I’ve been trying to eat healthier lately, and for that, I’ve been on a mostly paleo diet.

On paleo, there’s no pasta, so you look for alternatives, and this is one that was actually tasty:

Ingredients

  • 3 medium zucchinis
  • 1 pot of fresh basil
  • 1 garlic clove
  • 1 package of cherry tomatoes
  • 50 g pine nuts
  • 2 dl olive oil
  • 4 chicken fillets (500 g)
  • 80 g (¼ cup) grated parmesan cheese

Directions

  1. Slice zucchinis into noodles using a mandolin, julienne peeler or even cut with a knife (gives a more uneven result).
  2. Chop basil leaves and garlic cloves in a food processor coarsely.
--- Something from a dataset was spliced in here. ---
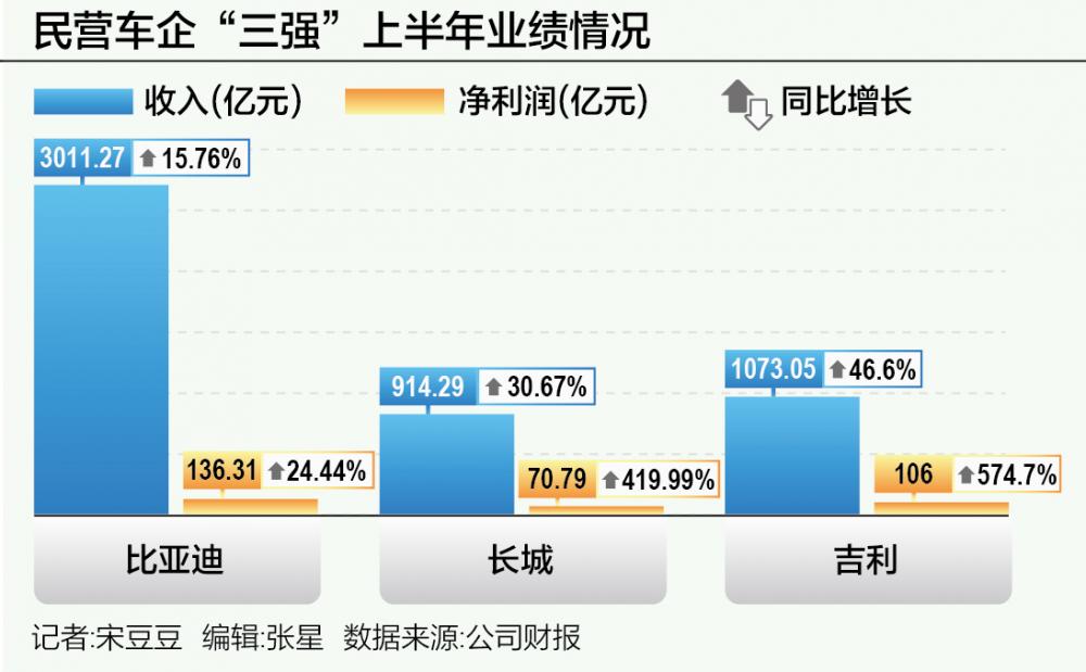 此前多年,长安汽车、长城汽车、吉利汽车称霸自主前三,2017年吉利夺走长安的冠军宝座,直到2021年吉利仍位列销冠,长安和长城在二、三名交替。但2022年以来,押注新能源的比亚迪成为国内销冠,位次被打乱。今年上半年比亚迪一举超越上汽集团,成为营收、净利最高的车企。
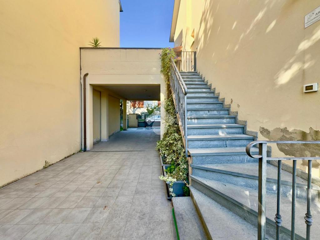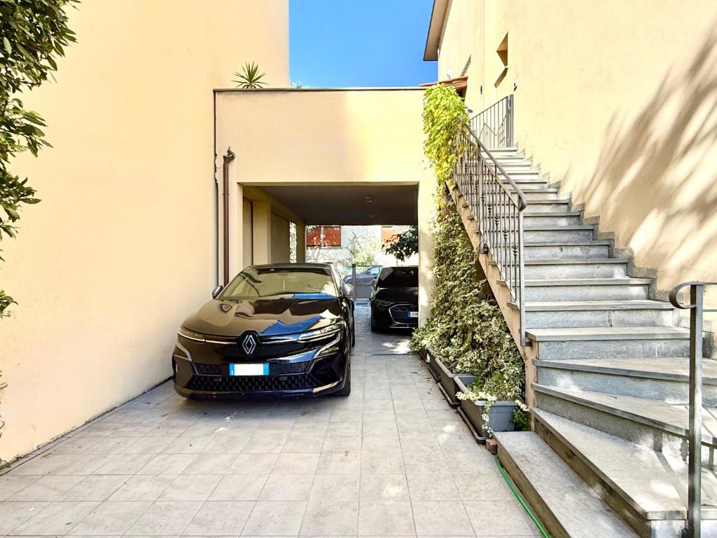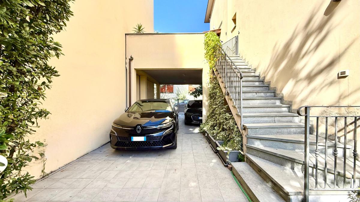 La palazzina gode di un ampio spazio esterno al piano terra in comune tra le due unità con accesso carrabile per i posti auto e il giardino.

Add olive oil slowly while processing until blended. Add salt and pepper.
  3. Heat some water. Add zucchini noodles and boil for 1-2 min maximum.
  4. Fry the whole chicken fillets 1,5 min on each side until golden.
  5. Place in the middle of the oven for 20 min.
  6. Let cook until they are well done. Let rest a few minutes then cut the fillets up into 0,5-inch-cubes.
  7. Halve the tomatoes and combine zucchini pasta, fresh pesto, tomato halves and chicken.
  8. Toss together until everything is coated in creamy fragrant pesto.

You can vary this pretty easily, my daughter likes to have it with Alfredo sauce, for example.